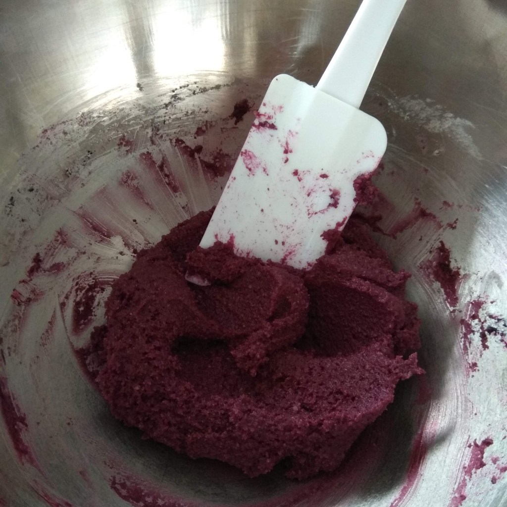 1. Place the processed mixture in a bowl and add 55 g of egg whites. Using a spatula, mix all of it into a smooth paste. Don’t rush it, be patient, mix it really well. The final paste is compact, sticky but smooth. If you want to colour your macarons, now it’s the time. Stir food colouring into the paste, but remember that the final colour will be much lighter after you add the meringue.
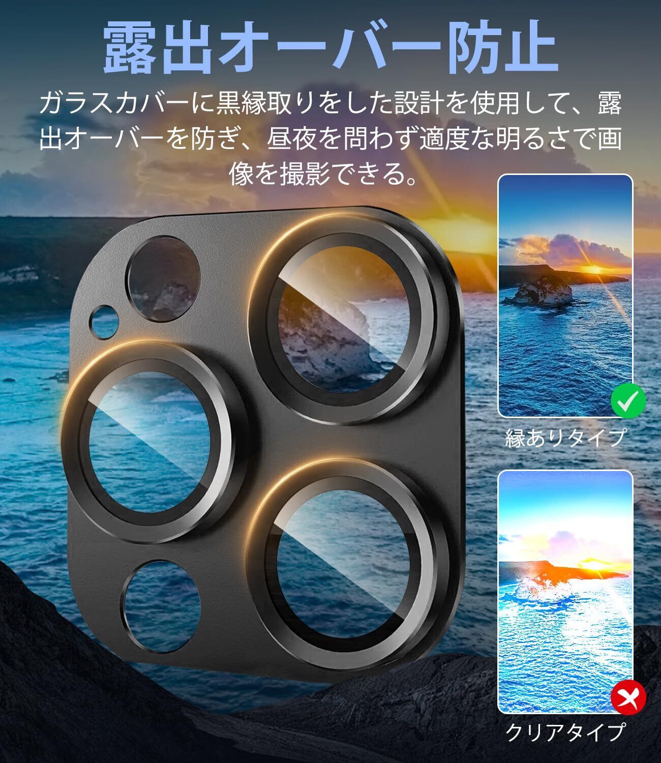 OAproda iPhone 16Pro/16ProMax/15Pro/15ProMax/14Pro 用 カメラ保護 フィルム 【アルミ合金+強化ガラス】 9H 耐衝撃 カメラカバー 黒縁 露出オーバー防止 曇りなし 粘着性強い 貼りやすい(ブラック)
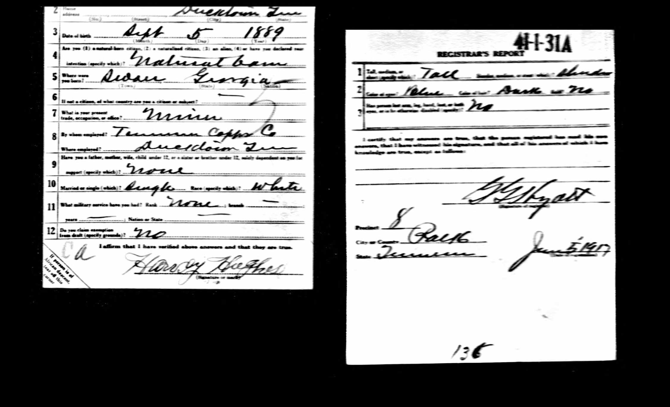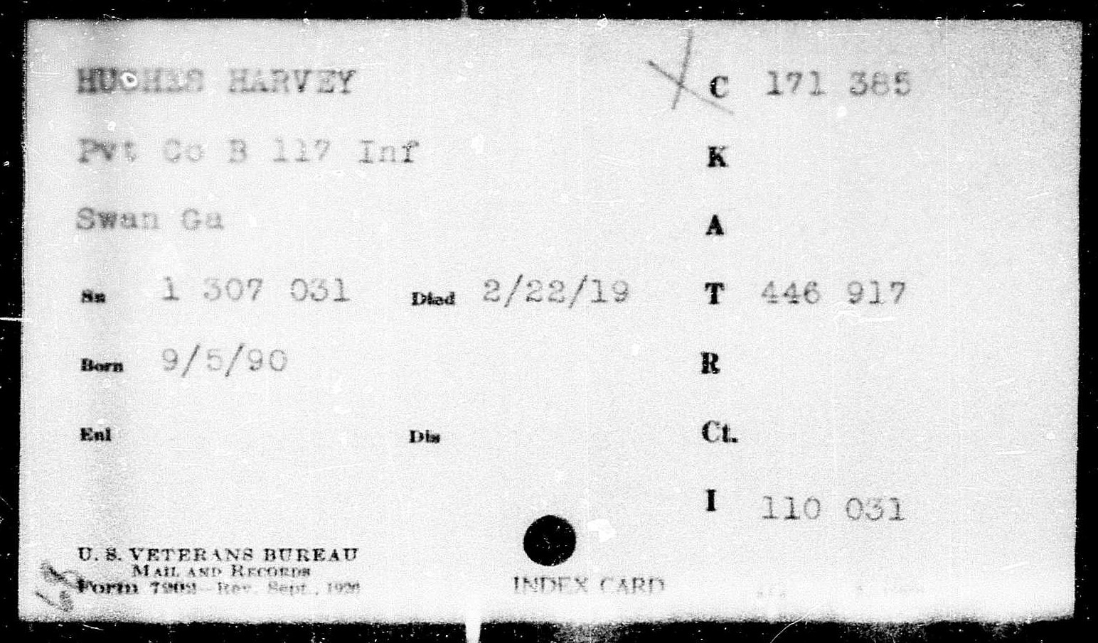 Harvey Hughes was born 5 September 1887, Blue Ridge, Georgia, son of James M. Hughes.

===============

- **TASK OBJECTIVE**: Retype the listing above exactly. Pictures are not part of the copy.

- **SOLUTION BELOW**:
 1. Place the processed mixture in a bowl and add 55 g of egg whites. Using a spatula, mix all of it into a smooth paste. Don’t rush it, be patient, mix it really well. The final paste is compact, sticky but smooth. If you want to colour your macarons, now it’s the time. Stir food colouring into the paste, but remember that the final colour will be much lighter after you add the meringue.
 OAproda iPhone 16Pro/16ProMax/15Pro/15ProMax/14Pro 用 カメラ保護 フィルム 【アルミ合金+強化ガラス】 9H 耐衝撃 カメラカバー 黒縁 露出オーバー防止 曇りなし 粘着性強い 貼りやすい(ブラック)
 Harvey Hughes was born 5 September 1887, Blue Ridge, Georgia, son of James M. Hughes.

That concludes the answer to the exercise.